%%

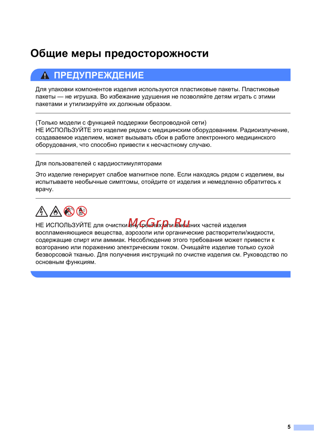 Brother DCP-T300 — общие меры предосторожности при использовании изделия [5/20]
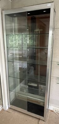 Vitrine en aluminium brossé, deux portes coulissantes en ver…
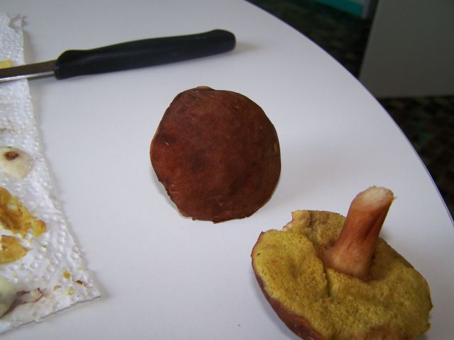Also der Hut ist samtig. Und die Röhren sehr grob und gelb. Verfärbt sich nicht auf Druck. Der Stiel ist außen bräunlich und ein bischen wie glasig.
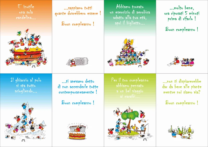La serie di biglietti augurali di compleanno in italiano con i spiritosi pinguini di Englaro, con busta e confezionati singolarmente
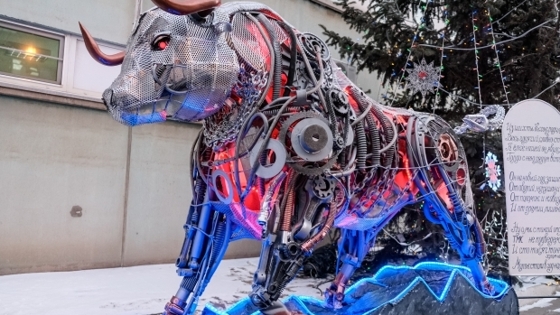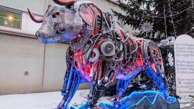 Сотрудники завода в Волжском создали к Новому году металлического быка
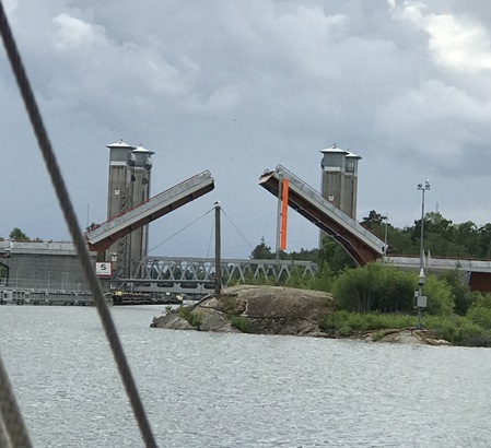 Nachdem wir die 6 aufeinanderfolgenden Schleusen passiert hatten (wir hatten das Schleusen ja auf der Reise durch Frankreich geübt), ging es weiter nach Vänersborg. Es waren nur noch zwei Brücken zu passieren, kein Problem - dachten wir....
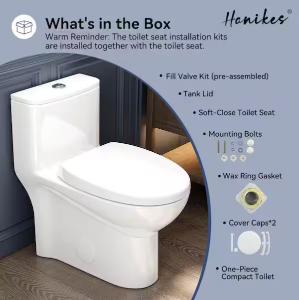 [V]1-Piece 1.1/1.6 GPF Dual Flush Compact Elongated WaterSense Toilet in White Soft Close Seat Included-(Image review)
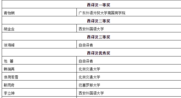 第三十七届韩素音国际翻译大赛西语学院获奖名单 | |||||
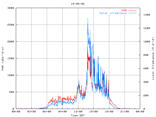 The PML meteorological station, situated on the south-west corner of the building roof, consists of a Hygroclip S3 temperature and humidity sensor housed in a radiation shield, a Mierij Meteo solid state wind sensor (MMW-005), a Chelsea instruments half-hemisphere PAR sensor, a Li-Cor pyranometer (LI-200SZ) and an Omni Instruments 6" tipping bucket raingauge (RG200). The data are logged every 5 minutes using a Pace Scientific XR5 data logger. The real-time rainfall data is likely in error - the correct values will be displayed after a time lag of approximately 24 hours. The meteorological station is sheltered from winds in the north-east and underestimates winds from this quarter. To use these data please contact Dr Tim Smyth.
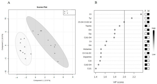 (A) Partial least squares-discrimination analysis (PLS-DA) of selected metabolites in male and female animals (PLS-DA scores’ plot includes two components: R2 = 0.93659 and Q2 = 0.44597). In the graphical output, 95% confidence ellipses for specific groups are included. (B) Variable importance in projection (VIP) plot, calculated from PLS-DA method, displays the top 15 most important metabolite features identified by PLS-DA. White and black boxes on right indicate relative concentration of corresponding metabolite in blood in descending order of importance. VIP is a weighted sum of squares of the PLS-DA loadings considering the amount of explained Y-variable in each dimension. The most important features have the VIP values of >2.0.

%%

Exercise requirements:
Write out, word for word, the lines from the start of the data through the one holding "The PML meteorological". Omit pictures.

Task answer:
 Brother DCP-T300 — общие меры предосторожности при использовании изделия [5/20]
 Vitrine en aluminium brossé, deux portes coulissantes en ver…
Also der Hut ist samtig. Und die Röhren sehr grob und gelb. Verfärbt sich nicht auf Druck. Der Stiel ist außen bräunlich und ein bischen wie glasig.
La serie di biglietti augurali di compleanno in italiano con i spiritosi pinguini di Englaro, con busta e confezionati singolarmente
 Сотрудники завода в Волжском создали к Новому году металлического быка
 Nachdem wir die 6 aufeinanderfolgenden Schleusen passiert hatten (wir hatten das Schleusen ja auf der Reise durch Frankreich geübt), ging es weiter nach Vänersborg. Es waren nur noch zwei Brücken zu passieren, kein Problem - dachten wir....
 [V]1-Piece 1.1/1.6 GPF Dual Flush Compact Elongated WaterSense Toilet in White Soft Close Seat Included-(Image review)
 第三十七届韩素音国际翻译大赛西语学院获奖名单 | |||||
 The PML meteorological station, situated on the south-west corner of the building roof, consists of a Hygroclip S3 temperature and humidity sensor housed in a radiation shield, a Mierij Meteo solid state wind sensor (MMW-005), a Chelsea instruments half-hemisphere PAR sensor, a Li-Cor pyranometer (LI-200SZ) and an Omni Instruments 6" tipping bucket raingauge (RG200). The data are logged every 5 minutes using a Pace Scientific XR5 data logger. The real-time rainfall data is likely in error - the correct values will be displayed after a time lag of approximately 24 hours. The meteorological station is sheltered from winds in the north-east and underestimates winds from this quarter. To use these data please contact Dr Tim Smyth.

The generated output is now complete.